What this task involves —
Find "This study investigates" below and begin at its line; stop after the line with "JFET type, gate". Output those lines exactly, without pictures.

Supplied data —

▼

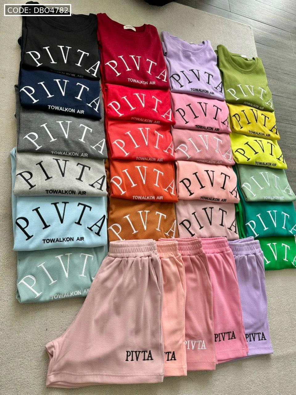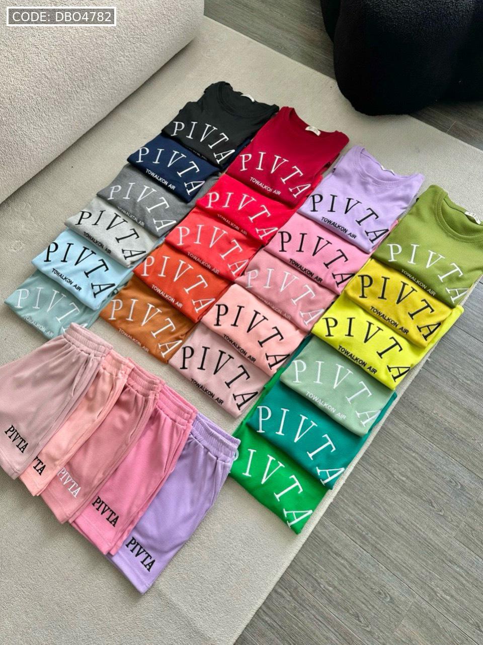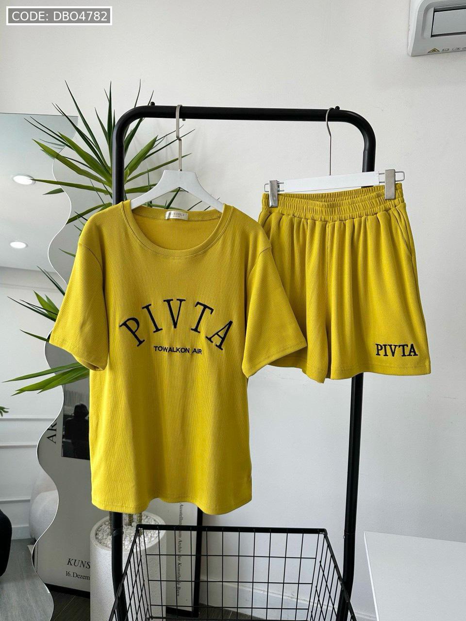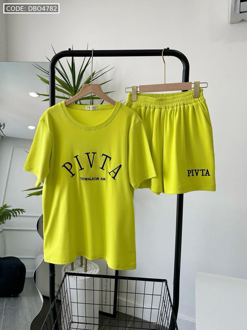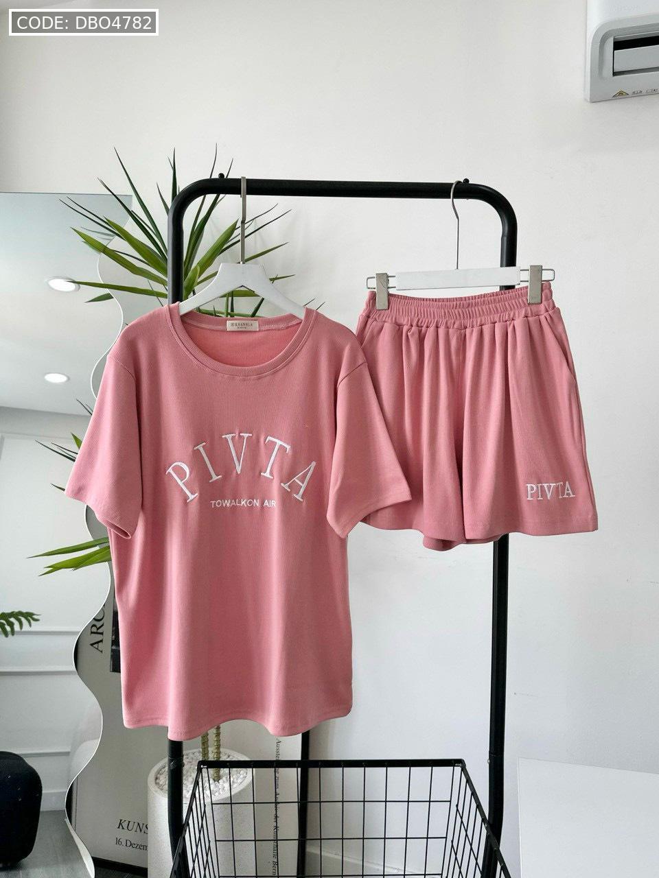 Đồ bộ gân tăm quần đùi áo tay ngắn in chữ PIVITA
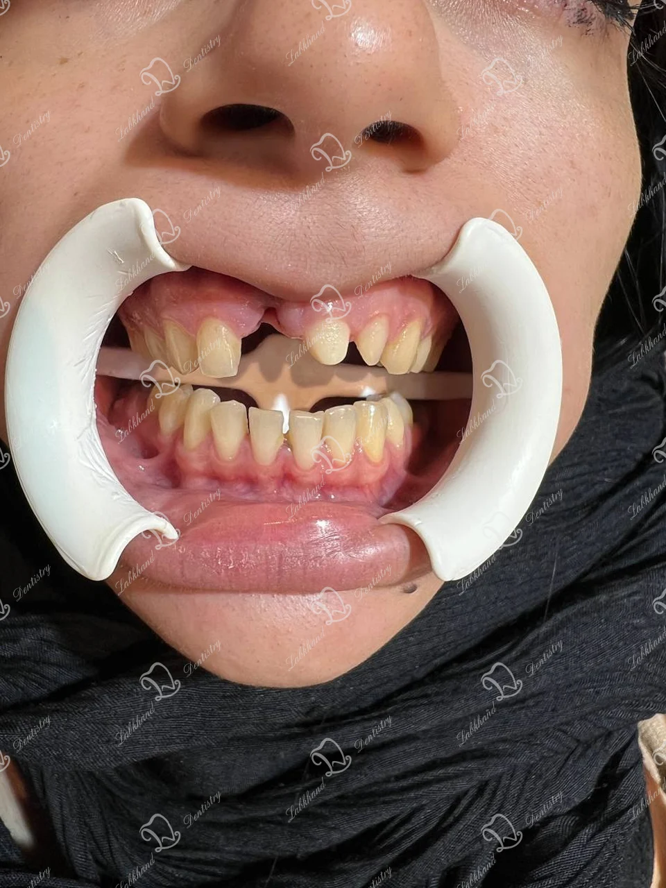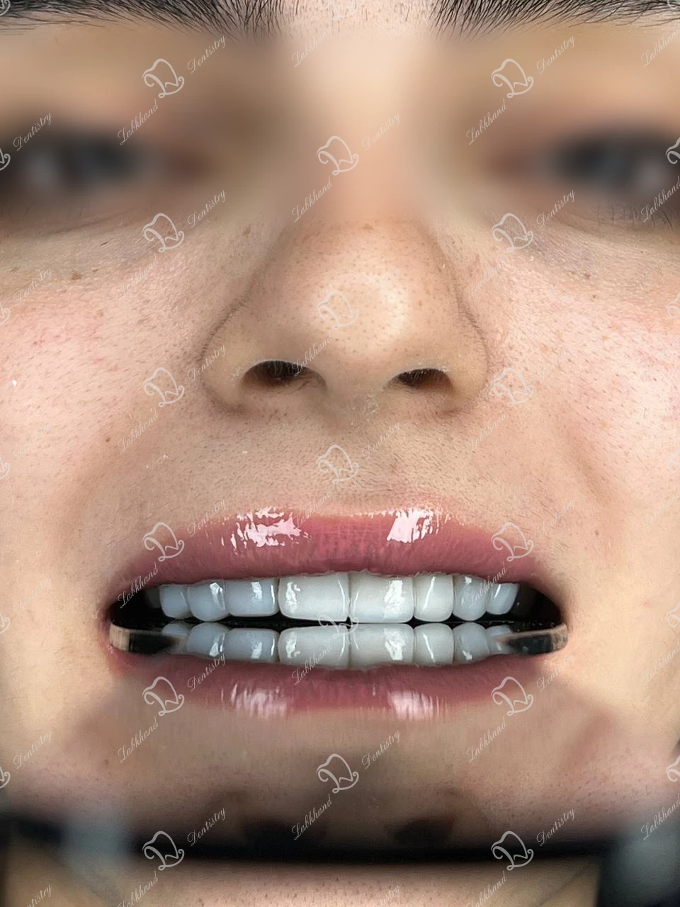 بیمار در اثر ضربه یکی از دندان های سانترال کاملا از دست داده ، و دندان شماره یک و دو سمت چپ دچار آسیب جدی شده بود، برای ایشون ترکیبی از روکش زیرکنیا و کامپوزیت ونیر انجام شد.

▲
▼

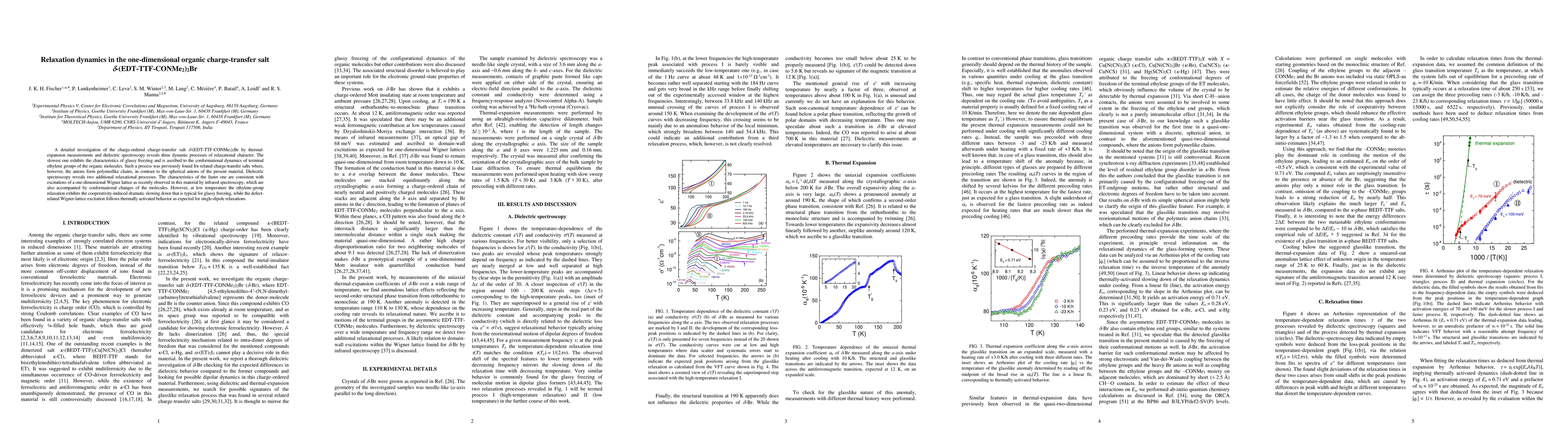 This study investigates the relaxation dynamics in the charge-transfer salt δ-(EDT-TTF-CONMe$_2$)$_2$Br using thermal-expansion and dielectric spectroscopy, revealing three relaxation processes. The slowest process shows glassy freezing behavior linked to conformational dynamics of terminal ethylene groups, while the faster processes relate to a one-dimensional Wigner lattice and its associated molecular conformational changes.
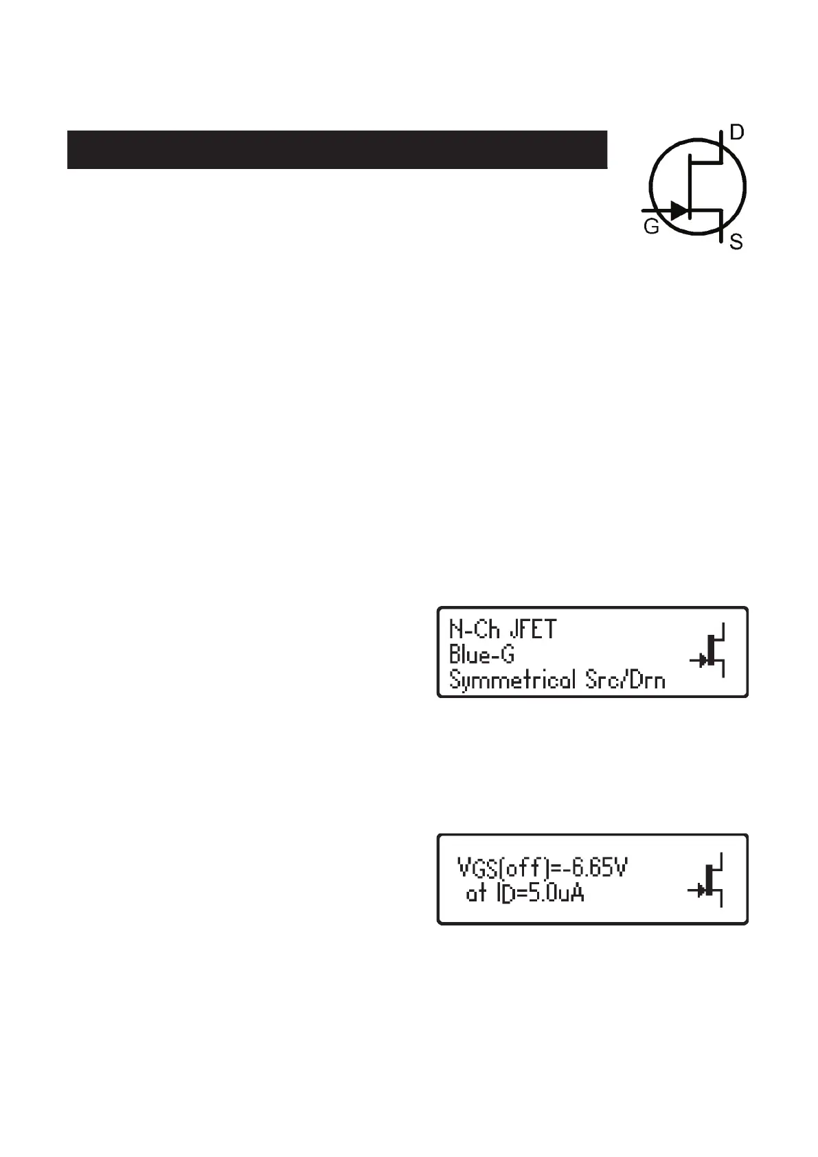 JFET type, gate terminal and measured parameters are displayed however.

▲
▼

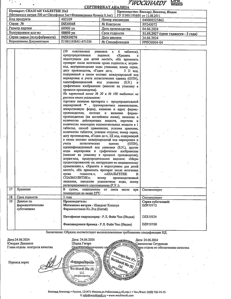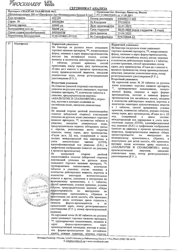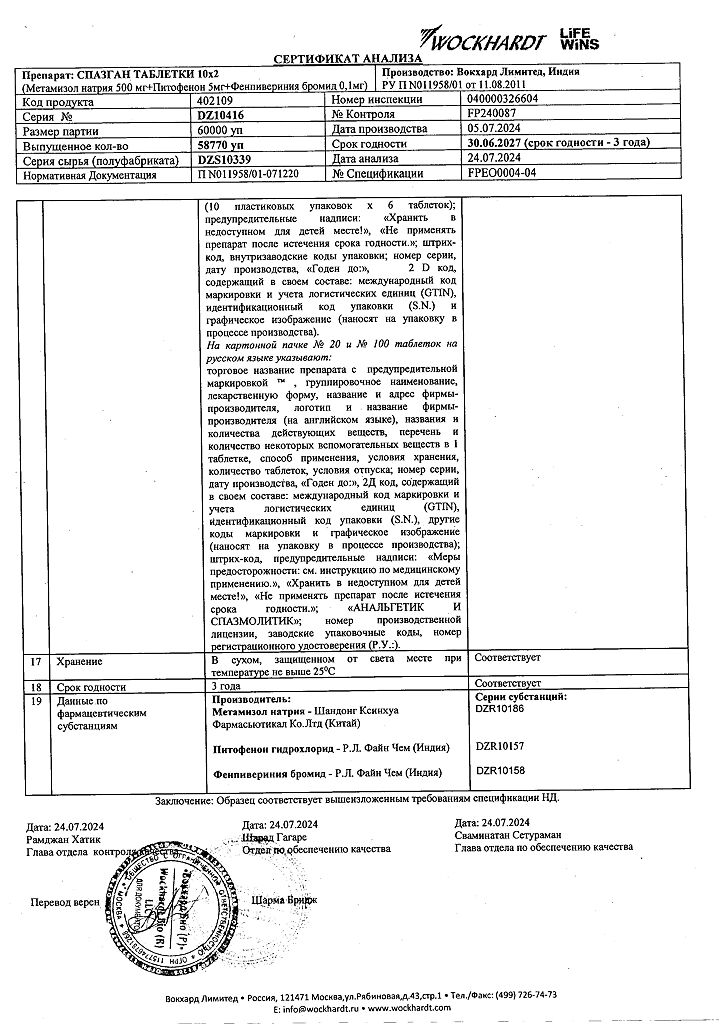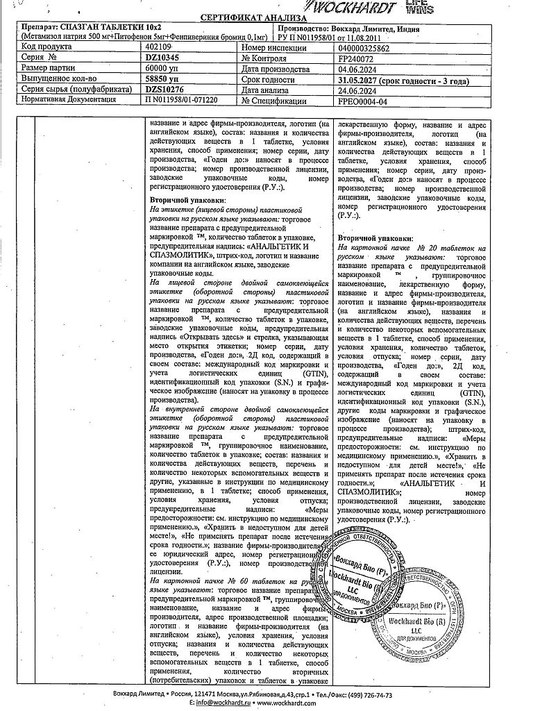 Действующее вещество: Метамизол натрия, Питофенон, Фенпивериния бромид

▲

Solution to this exercise —
 This study investigates the relaxation dynamics in the charge-transfer salt δ-(EDT-TTF-CONMe$_2$)$_2$Br using thermal-expansion and dielectric spectroscopy, revealing three relaxation processes. The slowest process shows glassy freezing behavior linked to conformational dynamics of terminal ethylene groups, while the faster processes relate to a one-dimensional Wigner lattice and its associated molecular conformational changes.
 JFET type, gate terminal and measured parameters are displayed however.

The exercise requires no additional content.